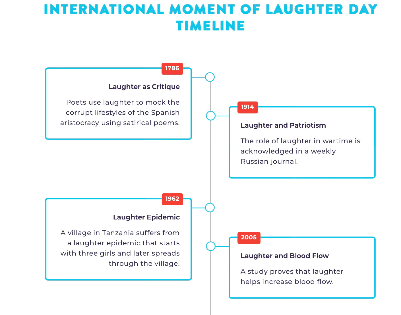 Laughter, often described as the best medicine, positively affects our health. International Moment of Laughter Day was initiated to improve our perspectives. Laughing has proven beneficial to combat anxiety too. As the holiday’s originator himself said, “It relieves stress, instills optimism, raises self-confidence, defuses resistance to change, and enhances all your relationships.”
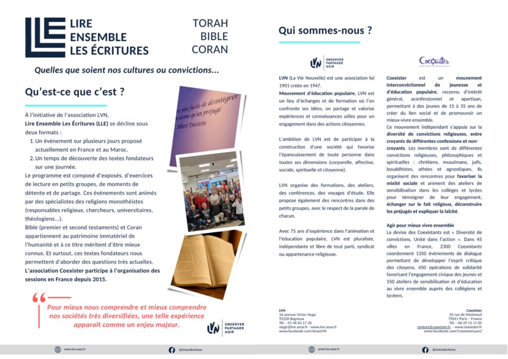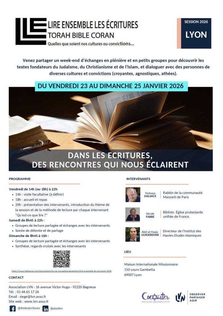 Juifs, Chrétiens et Musulmans, croyants, agnostiques ou athées se retrouvent pour lire ensemble et interroger leurs textes fondateurs sur le thème : dans les Ecritures, des rencontres qui nous éclairent.
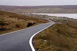 Die, am Rande des Ortes verlaufende A968 verbindet Ulsta im Südwesten mit Gutcher im Nordosten der Insel.[5]

• PROBLEM DESCRIPTION
Return the whole listing word for word. Pictures stay out of it.

• EXPECTED ANSWER
 Laughter, often described as the best medicine, positively affects our health. International Moment of Laughter Day was initiated to improve our perspectives. Laughing has proven beneficial to combat anxiety too. As the holiday’s originator himself said, “It relieves stress, instills optimism, raises self-confidence, defuses resistance to change, and enhances all your relationships.”
 Juifs, Chrétiens et Musulmans, croyants, agnostiques ou athées se retrouvent pour lire ensemble et interroger leurs textes fondateurs sur le thème : dans les Ecritures, des rencontres qui nous éclairent.
 Die, am Rande des Ortes verlaufende A968 verbindet Ulsta im Südwesten mit Gutcher im Nordosten der Insel.[5]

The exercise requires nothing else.